Neste sentido, há ao menos três possibilidades para o início das investigações e/ou pedido de medida protetiva. Em uma delas, a vítima denuncia a agressão e faz o registro de boletim de ocorrência em uma Delegacia Especializada no Atendimento à Mulher (Deam). A autoridade policial pode solicitar a proteção, apura os fatos e envia o inquérito ao Ministério Público.

O MP, por sua vez, oferece a denúncia e o juiz recebe a ação. Nesta etapa, ocorre a citação do autor da violência e o Ministério Público é ouvido sobre o caso. Há, então, a fase de instrução, com a ocorrência da audiência de instrução. Vítima, autor e testemunhas de acusação e defesa são ouvidas. Há debates orais ou memoriais. Após isso, o juiz profere sentença. Vítima e suposto autor são informados.
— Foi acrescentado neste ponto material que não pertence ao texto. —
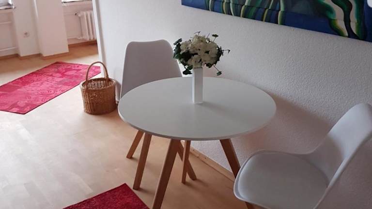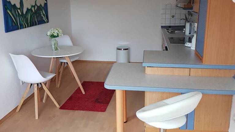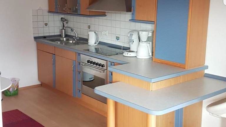 Die Ferienwohnung verfügt über ein Schlafzimmer, ein Wohnzimmer mit Flachbild-TV sowie eine gut ausgestattete Küche mit Kühlschrank und Ofen. Ein Badezimmer mit Dusche ist vorhanden. Handtücher und Bettwäsche werden bereitgestellt.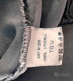 Gonna lunga taglia unica con elastico in vita e balza diagonale in fondo, colore azzurro jeans con motivi floreali in azzurro più scuro, 100% lyocell, confezionata in Italia. Tessuto morbidissimo e freschissimo. Nuova, ancora con cartellino.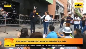 La Federación Nacional de Estudiantes Secundarios (Fenaes) realizó un pequeño sketch frente al Ministerio de Educación y Ciencias (MEC) reclamando la renuncia del jefe de cartera, Eduardo Petta. Los manifestantes rechazaron los materiales educativos con errores distribuidos por la institución.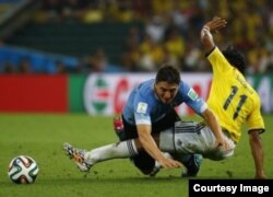 Натомість у збірній Колумбії дискваліфікованих зірок немає, і завдяки дублю Хамеса Родріґеса колумбійці виграли – 2:0. Після цих м’ячів Родріґес очолив перегони бомбардирів, він відзначився у воротах суперників п’ять разів. По чотири голи на рахунках аргентинця Ліонеля Мессі, німця Томаса Мюллера і бразильця Неймара.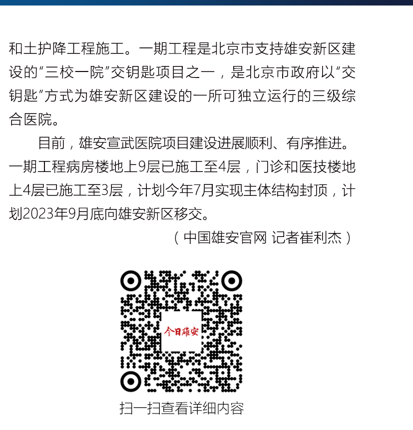 【雄安之声】雄安宣武医院建设最新进展来了

Também é possível que o caso seja investigado diretamente pelo MP. O processo de oferecimento de denúncia e julgamento é o mesmo. As vítimas também podem solicitar as medidas protetivas ou atendimento em razão de violência através da Defensoria Pública, Ministério Público e nos próprios Juízos. Por conta da pandemia, os atendimentos têm sido online. Confira os números de cada órgão na tabela abaixo.

A luta continua

Para a defensora pública Gabriela Hamdan, o processo para romper a violência é histórico e lento. Segundo ela, a luta deve ser no sentido de desconstruir a cultura de inferiorização e submissão da mulher em detrimento do homem.

“Isso deve ocorrer principalmente na maneira como criamos as crianças. As mulheres são criadas com dispositivo amoroso, com o ideário de casamento. Elas são ensinadas a amar os homens. Eles, por sua vez, são ensinados a amar as coisas, a serem viris e ligados ao dispositivo do trabalho. Modificando isso, certamente mudaremos essa cultura machista e vamos conseguir reduzir esse triste cenário”, afirmou.

No mesmo sentido, a promotora Rúbian também defende a educação e mudança cultural como libertadoras do ciclo da violência doméstica. “Um avanço cultural demora, mas estamos no caminho. Temos de ter olhar para a situação da mulher, mas sob a ótica de várias cores e não só da branquitude. Oportunizar mulheres, dar acesso à Educação e à empregabilidade. É preciso debater o assunto, buscar melhorias e não deixar só para falar sobre a violência doméstica somente no Dia das Mulheres e Dia das Mães, assim como ter acolhimento e união”

“A Lei Maria da Penha e a Lei do Feminicídio vieram para ficar. Tivemos avanços, mas temos muito o que alcançar. Precisamos ter crédito nas leis e cobrar mais políticas públicas de nossos gestores”, concluiu.